◆ **ACTION ITEM**: Restate, word for word and with no pictures, the stretch of lines in the data below that begins at the line with "This design is" and ends at the line with "The Wingtra LIDAR", inclusive.

◆ **DATA FOR PROCESSING**:
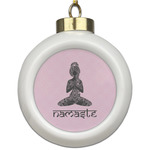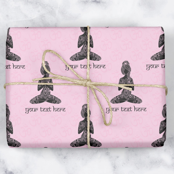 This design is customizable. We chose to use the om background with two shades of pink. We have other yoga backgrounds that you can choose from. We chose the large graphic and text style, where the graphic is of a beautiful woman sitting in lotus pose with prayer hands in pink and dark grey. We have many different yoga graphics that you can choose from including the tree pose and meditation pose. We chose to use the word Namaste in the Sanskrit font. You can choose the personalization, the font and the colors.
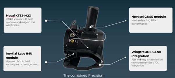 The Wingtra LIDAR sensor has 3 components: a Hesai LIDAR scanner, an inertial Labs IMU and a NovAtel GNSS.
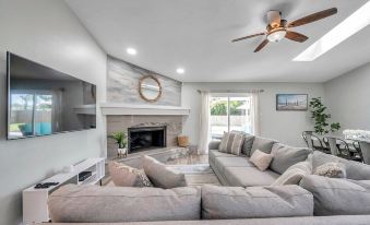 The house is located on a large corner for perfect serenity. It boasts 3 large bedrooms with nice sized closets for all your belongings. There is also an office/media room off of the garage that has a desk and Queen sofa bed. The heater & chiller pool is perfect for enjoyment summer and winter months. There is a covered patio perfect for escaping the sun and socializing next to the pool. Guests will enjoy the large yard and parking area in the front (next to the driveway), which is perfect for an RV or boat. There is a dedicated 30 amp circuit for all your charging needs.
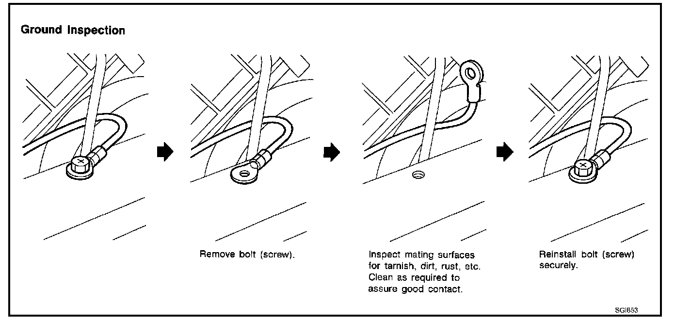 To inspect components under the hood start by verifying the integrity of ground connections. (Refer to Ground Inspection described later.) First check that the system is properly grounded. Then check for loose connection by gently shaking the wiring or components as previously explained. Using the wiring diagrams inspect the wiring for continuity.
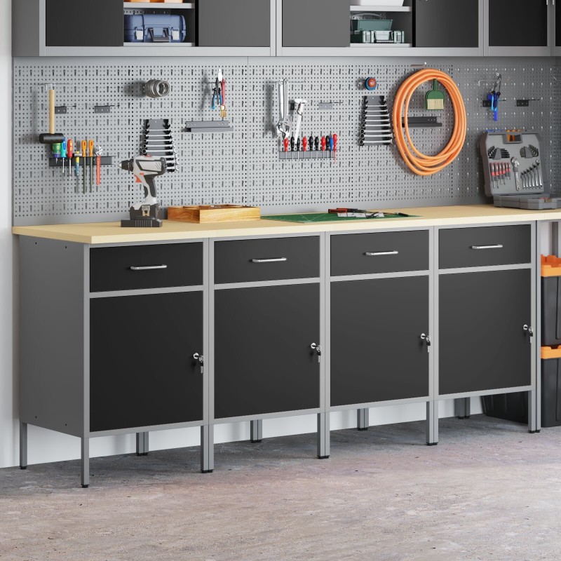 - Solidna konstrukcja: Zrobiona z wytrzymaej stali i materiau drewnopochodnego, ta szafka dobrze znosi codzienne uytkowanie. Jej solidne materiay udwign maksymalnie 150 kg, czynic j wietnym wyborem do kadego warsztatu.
...
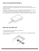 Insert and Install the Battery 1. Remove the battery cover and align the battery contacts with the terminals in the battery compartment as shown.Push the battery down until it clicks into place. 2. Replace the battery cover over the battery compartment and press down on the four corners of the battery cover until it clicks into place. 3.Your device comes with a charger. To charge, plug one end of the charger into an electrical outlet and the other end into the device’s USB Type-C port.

◆ **EXERCISE SOLUTION**:
 This design is customizable. We chose to use the om background with two shades of pink. We have other yoga backgrounds that you can choose from. We chose the large graphic and text style, where the graphic is of a beautiful woman sitting in lotus pose with prayer hands in pink and dark grey. We have many different yoga graphics that you can choose from including the tree pose and meditation pose. We chose to use the word Namaste in the Sanskrit font. You can choose the personalization, the font and the colors.
 The Wingtra LIDAR sensor has 3 components: a Hesai LIDAR scanner, an inertial Labs IMU and a NovAtel GNSS.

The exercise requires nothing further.